Por Andrés Páramo Izquierdo*

Fernando Vallejo siempre se repite. Ese remolino indomable que es su literatura camina todas las veces por los mismos senderos. Ahora estrena un libro cuyo título es «El don de la vida» que habla, como siempre, de su tema recurrente: la muerte. De la muerte y la desmemoria, aquellos dos fantasmas que no lo dejan tranquilo y lo obligan a escribir cientos de páginas feroces, agresivas, que devoran y trastornan al lector. Páginas inclementes y prodigiosas que, sin duda, quedarán a pesar de él.

Fernando Vallejo, además, se contradice siempre (como parte de su repetición constante). Es por eso que publica un nuevo libro en Colombia, aún cuando prometió nunca más hacerlo en este país al que juró nunca más volver. Pero igual lo hace.

El pasado 18 de marzo en la Universidad Javeriana —universidad de los padres jesuitas, valga la pena decirlo— Vallejo realizó el lanzamiento de su nuevo libro, mostrándose en persona como la antítesis del narrador agresivo que es en sus libros. Verlo implica desconocer un poco a quien trama toda su literatura. De avanzada edad, parsimonioso al andar, de canas, con una voz tierna, que sonríe todo el tiempo y hace alegre a su público. Él mismo acepta que el narrador de sus libros es un personaje ficticio, que enarbola el lenguaje y lo exagera a tal punto de volverse agresivo y contradictorio.

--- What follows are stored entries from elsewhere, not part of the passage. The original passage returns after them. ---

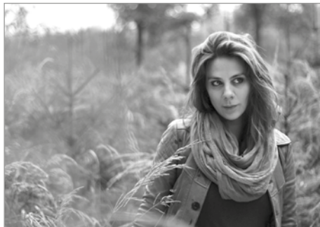
Aneta Langerová

„Následovat bude perlička letošní sezony – koncert Anety Langerové, a to 13. července od 20.30 hodin. Zpěvačka společně s kapelou a smyčcovým triem představí projekt Na Ra-
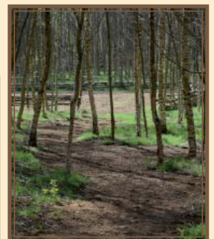
Parc à jeux
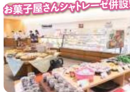
お菓子屋さんシャトレゼ併設! 滑り疲れたら甘いスイーツタイム! 色とりどりのケーキや和菓子が甘いひとときを!
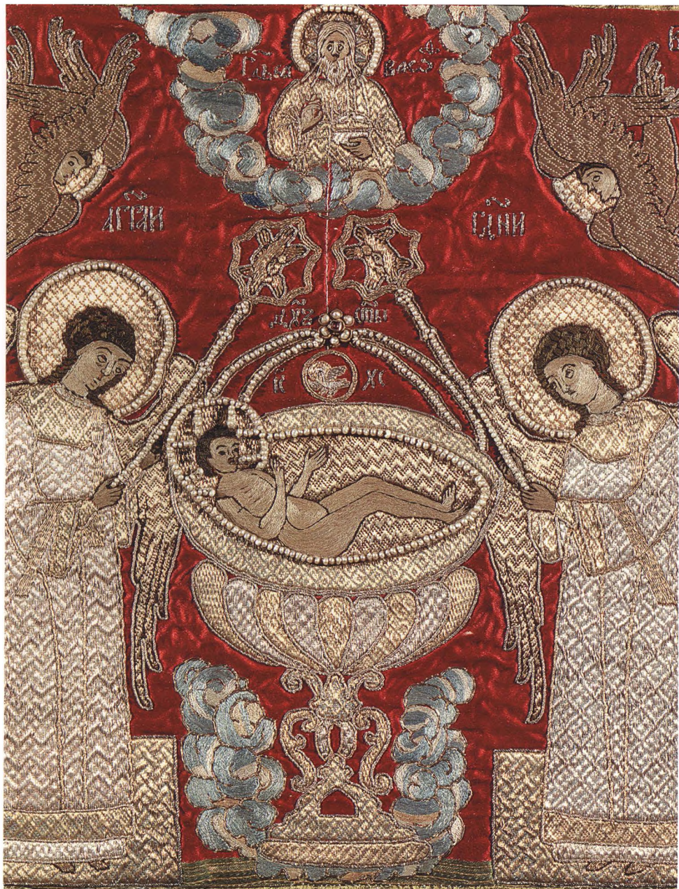
49. ПОКРОВЕЦ. СЕ АГНЕЦ Деталь

Vallejo no empezó su propio lanzamiento. Le hicieron tres introducciones, cada una a su modo, que mencionaron entre otras el genio narrador, su franqueza extrema, su odio por la humanidad y por los actos humanos, su desprecio por la iglesia a quien, junto con la política, le endilga todos los males posibles que padecemos en este país. El espacio entonces fue abierto para el tremendo escritor, quien, como siempre, repitió sus mismas ideas.

Esto no  hace de él un mal narrador. Todo lo contrario, su genio radica en haber escrito una docena de libros que transmiten el mismo mensaje, pero que lo cuentan en historias y formas muy variadas. Esas son las piruetas literarias que Vallejo nos brinda: su franqueza y su honda agresividad, que hablan de la condición humana y la muerte, son abordados desde los más finos y románticos relatos de «Los Días Azules», hasta los tristes y ensangrentados de «El Desbarrancadero».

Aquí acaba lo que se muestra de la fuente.